Tanking -- in which a team sloughs off talent from its roster in order to improve its draft position -- is a stratagem we typically associate with the NBA and, to a somewhat lesser extent, NFL. However, handwringing over the tanking phenomenon seems to be making its way to MLB. Here's this from a recent Buster Olney piece at ESPN.com regarding the owners' meetings:

The January discussion in Coral Gables, Florida, was not formal, and there haven't been any official steps taken toward exploring the question of whether teams are endeavoring to lose. But some teams have expressed concern about a strategy that is drawing more and more attention among baseball operations officials.

Well, it shouldn't be drawing more and more attention. Tanking is a perfectly viable organizational strategy, and such a targeted "bottoming out" has been key to the very successful deep rebuilds in Houston and on the North Side of Chicago (and Tampa Bay before that). It's also the very structure of the MLB draft that provides strong incentives to this end. It's not just the high picks that flow from losing games at the highest level; it's also the higher signing bonus allotments that come with those higher picks. Losing more means a greater latitude to spend money on draftees. 

The other layer of this is a rebuilding team's related decision to trade off veterans in exchange for prospects or cost-controlled major-league talent (the Phillies' ongoing rebuild has benefited from this approach in recent months). Yes, it worsens the on-field major-league product, but it does so in the service of a better future. Nothing's more uninspiring for a fan than slow decay at the big-league level in tandem with an uninspiring farm system.
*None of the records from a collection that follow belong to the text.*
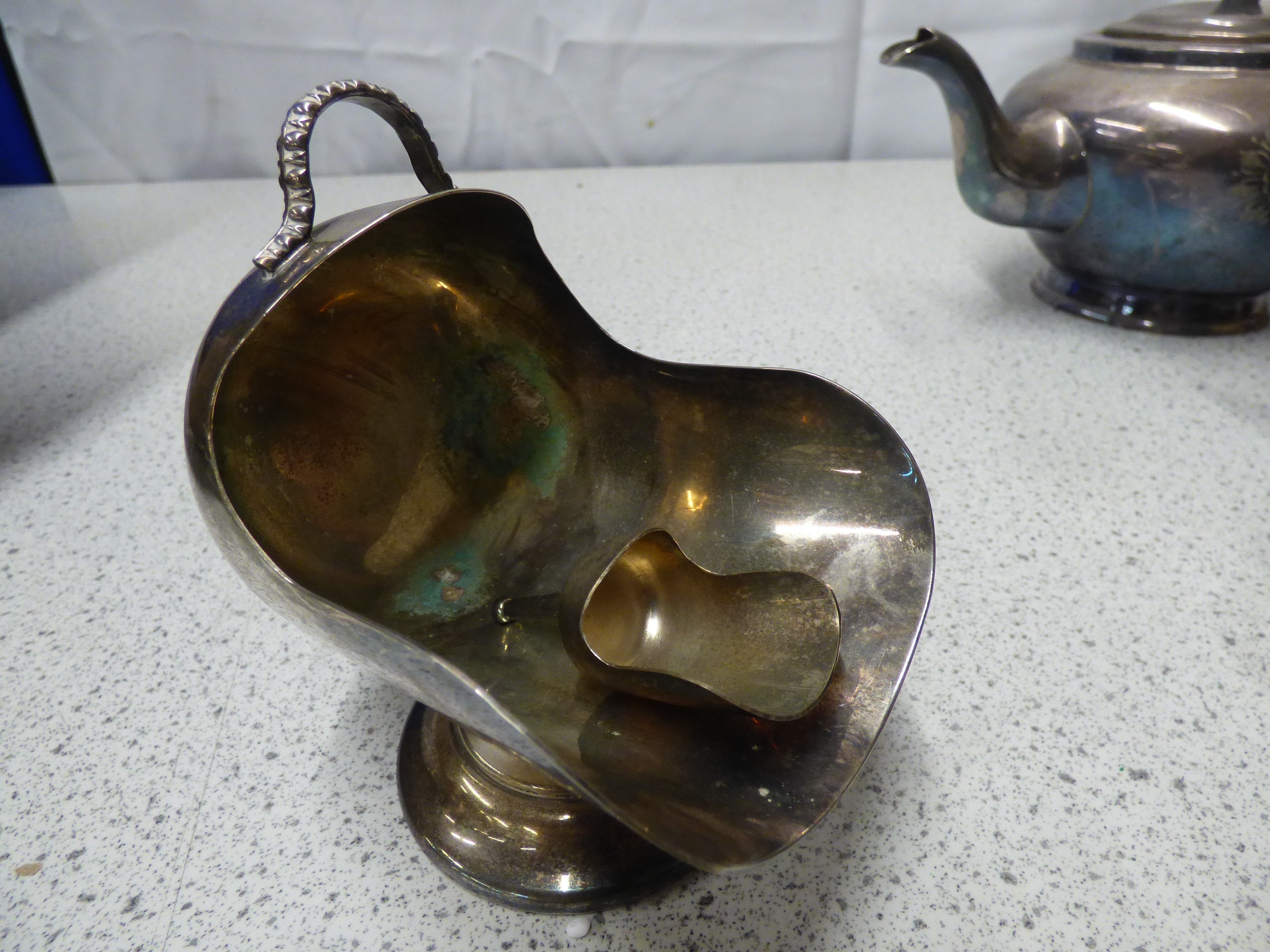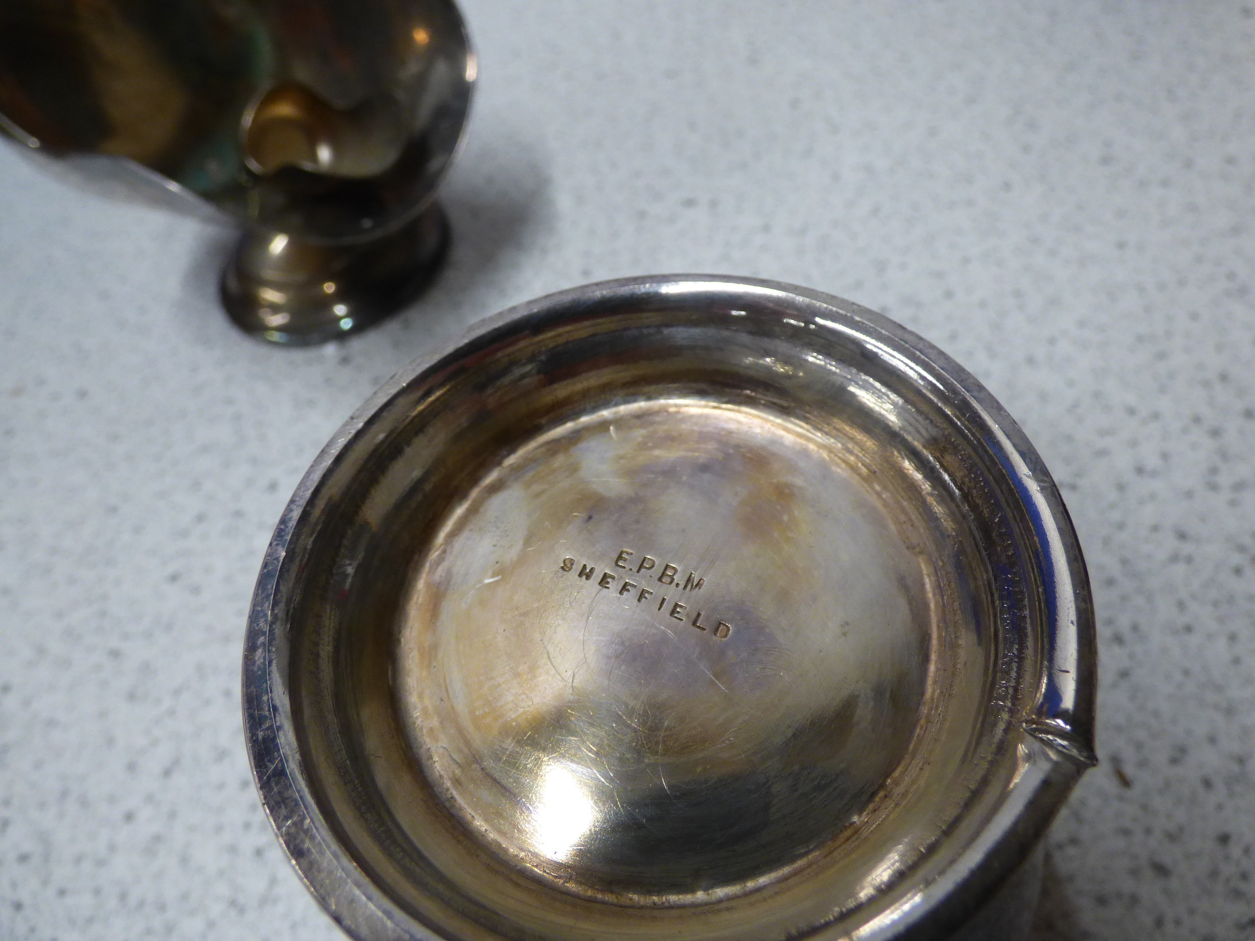 A five-piece silver-coloured tea set, comprising a teapot with black accents, a sugar scuttle, a lidded sugar bowl, a creamer, and a small scoop, with the creamer and sugar bowl bottoms marked “E.P.B.M SHEFFIELD” and the sugar bowl additionally marked “ITALIAN 710”.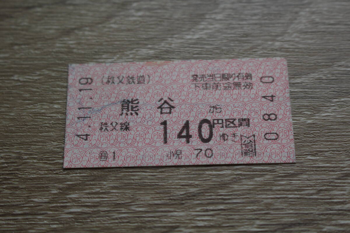 - 切符 熊谷 平成4年 秩父鉄道 秩父線 軟券 乗車券 電車 鉄道 140円区間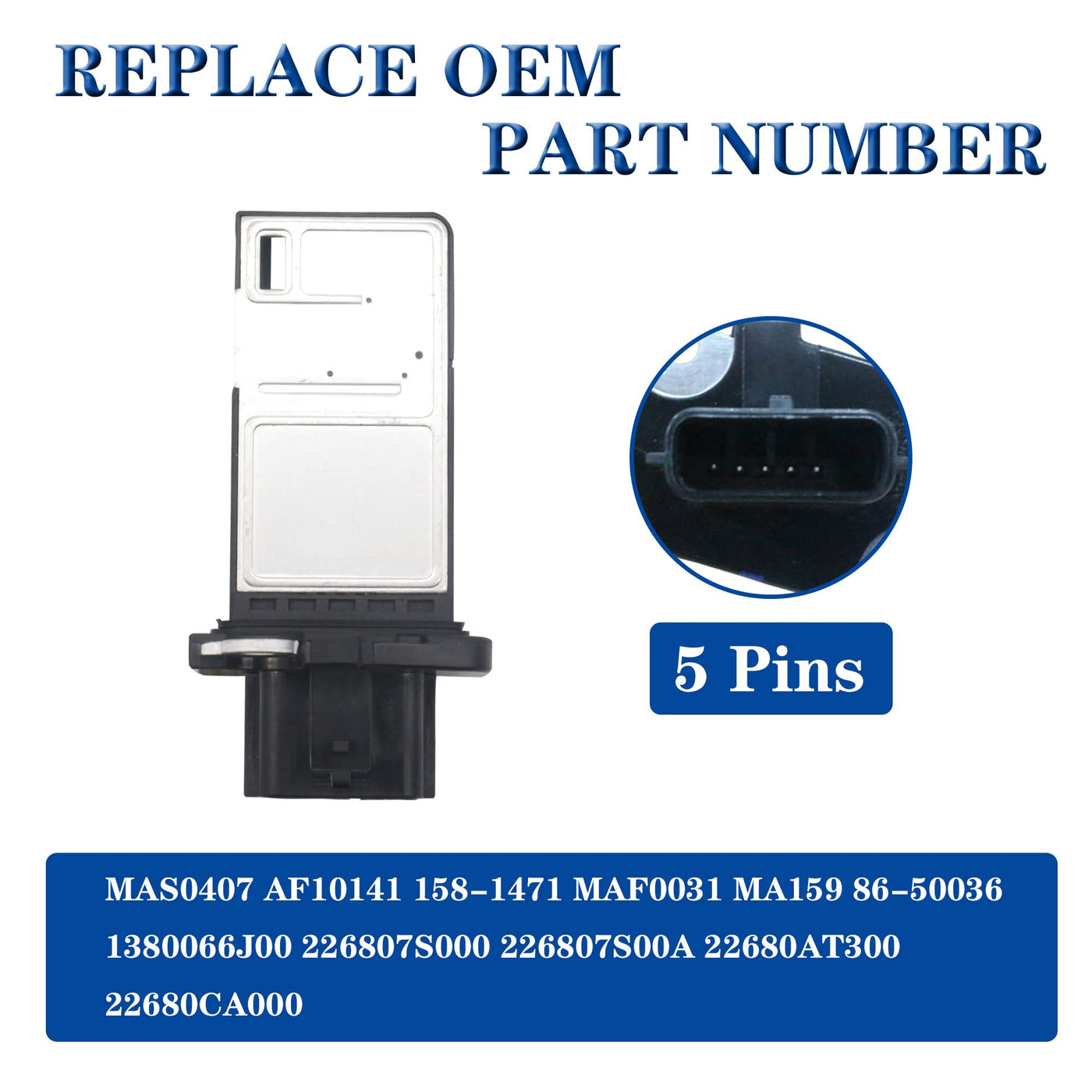 Q: What vehicles are compatible with the AdvanEX Mass Air Flow Sensor?A: The AdvanEX Mass Air Flow Sensor is compatible with various Nissan and Infiniti models including the 2003-2015 Nissan Pathfinder, 2005-2012 Frontier, and 2008-2013 Infiniti G37 among others. Please check the specific model year and engine size for fitment.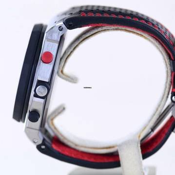 Die Chronographendrücker und die Krone sind rechts am Gehäuse markant in rot und schwarz gehalten. Passend dazu geben die schwarzen Totalisatoren mit roten Zeigern die Stoppzeiten an: Die Stoppminute auf neun Uhr, die Stoppstunde auf sechs Uhr, die Stoppsekunde läuft mit rotem Zeiger zentral. Die kleine Sekunde läuft bei 12 Uhr. Auf drei Uhr liegt das runde Datumsfenster - im umrandeten "Bullauge" zeigt sich das Datum viereckig auf weißem Grund. Ein pfiffiges Feature! Außen am Zifferblatt ist die Tachymeterskalierung angegeben.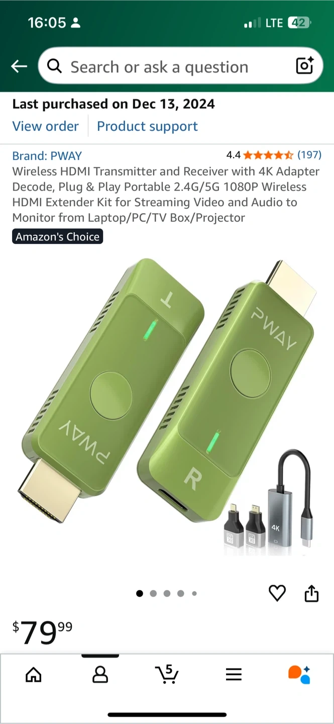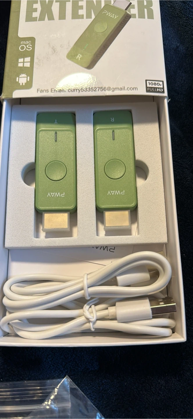 Selling a brand new PWAY Wireless HDMI Extender Kit! It comes with the box and all original components, including the charging cable. This kit allows you to stream video and audio from your laptop, PC, TV box, or projector. It supports 1080P Full HD resolution and uses 2.4G/5G wireless technology. Originally bought for $79.99!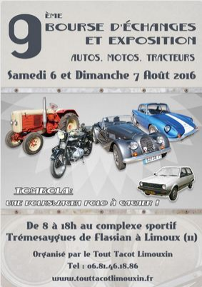 Autos et motos de collection, tracteurs anciens. Bourse de pièces et de miniatures. Balade à 10h. Bourse de pièces et miniatures.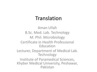 This document discusses the process of translation in three sentences: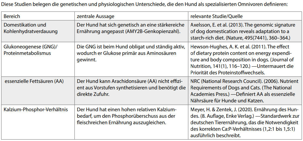 Der Mensch hingegen nutzt die GNG zwar auch, aber hauptsächlich als „Notfallplan“ oder bei bewusstem Weglassen von Kohlenhydraten in der Diät. Die Hauptenergie und Glucose stammen in der Regel direkt aus den Nahrungskohlenhydraten. Zusammenfassend kann gesagt werden, dass die Glukoneogenese beim Hund ein Grundmechanismus ist, der seine carnivore Vergangenheit widerspiegelt und die hohe Toleranz gegenüber einer kohlenhydratarmen, proteinreichen Ernährung erklärt.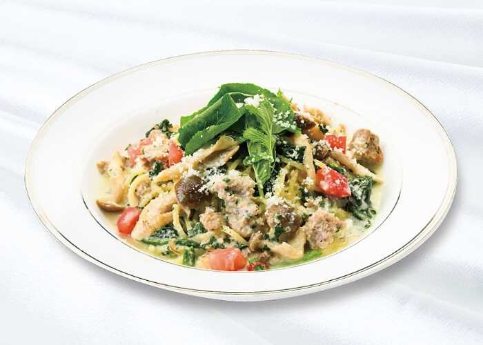3種のきのこをペーストとソテーで使用。濃厚なクリームソースにポークの旨みが加わり、深い味わいを実現。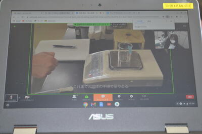 熊本大学 大学院先端科学研究部 材料・応用化学専攻の高藤教授から、工学部応用化学の学問分野について、化学実験の基礎、ナイロン66の重合実験について、講義や解説をしていただきました。また、2名の大学院生からも実験操作や概要等についての説明や研究室ツアーを配信いただきました。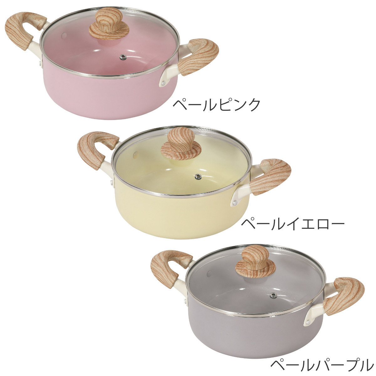 やわらかなパステルカラーに上品さをプラスしたパステルモダンカラーの両手鍋です。軽やかで洗練された色合いがキッチンを明るく彩ります。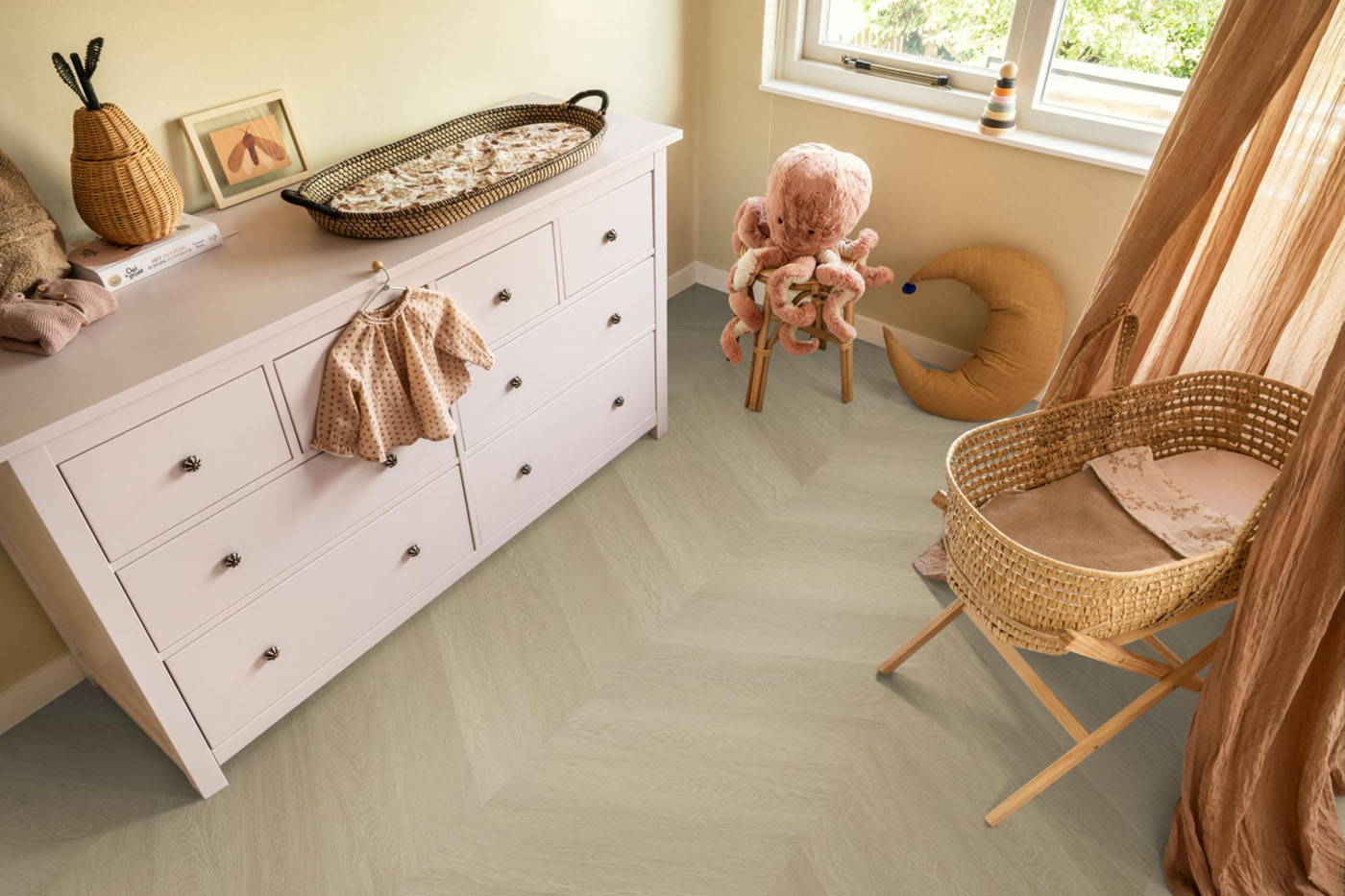 Gigafloor Spigato Estino Hongaarse punt dryback combineert een klassiek chevron‑patroon met de praktische voordelen van moderne PVC. Met een 0,55 mm slijtlaag, 2,5 mm dikte en R‑waarde 0,04 m²K/W is deze vloer klaar voor intensief woon- en projectgebruik en presteert hij uitstekend op vloerverwarming.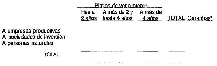 Al ... de .........de 19..., el saldo de los créditos otorgados a personas relacionadas se compone como sigue (cifras en millones de pesos):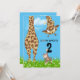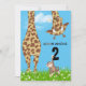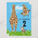 Uma girafa bonita na grama com um macaco e margaridas para convite para segundos aniversários. A idade pode ser alterada. O texto no verso é editável.

Stripping the MLB roster for parts and getting a run of high draft picks is the most rational path toward rebuilding an organization from the bones outward. And it works, sometimes more quickly than you might think. 

On another level, the structural parity of the game itself is such that you don't see teams crater to the extent that they do in the NBA or NFL. The Sixers at this writing are playing .146 ball and are more than halfway through the schedule. In MLB, that would scale to a 138-loss season. In the NFL this past season, the Browns and Titans each clocked in with a winning percentage of .188. That's 132 losses in MLB. By all means, when an MLB team reaches those kinds of depths, then we can revisit this discussion. As it stands, though, the worst teams in baseball in the draft era aren't worse than those of prior times. 

Also, consider the unintended consequences of doing something extreme on this front. Do you want to risk compromising the parity that defines baseball right now by not tying draft position to the standings? Do you want to risk a less active trade deadline -- and, by extension, less fan fan engagement leading up to it -- by putting drags on a team's ability to flip veterans to contenders in exchange for untested prospects? That seems awfully short-sighted. 

As Olney notes, some of the owner grousing seems to rise from the notion that revenue sharing monies should be plowed back into the major-league payroll. While I'd absolutely agree that pocketing revenue sharing income is a concern, an unethical act, and something that should be strongly discouraged, insisting that those dollars go straight to player payroll is a narrow way of thinking and one that encourages half-measures. Rather, owners receiving these funds should be required to reinvest them in the organization at some level. Maybe it's by signing free agents or keeping the arbitration-eligible superstar. But maybe it's something that won't show up in Opening Day payroll figures -- expanding the scouting or analytics staff, establishing more of an international presence, making capital improvements. Things like that would also be perfectly appropriate use of revenue sharing income. 

What you don't want to do, though, is hamstring a losing team's ability to get methodically better and position itself for a multi-year contending run. The best way to do that is to rebuild, and rebuilding almost always necessarily entails some short-term on-field ugliness. 

The lesson, though, is an old one: Be careful when you undertake solving problems that don't actually exist.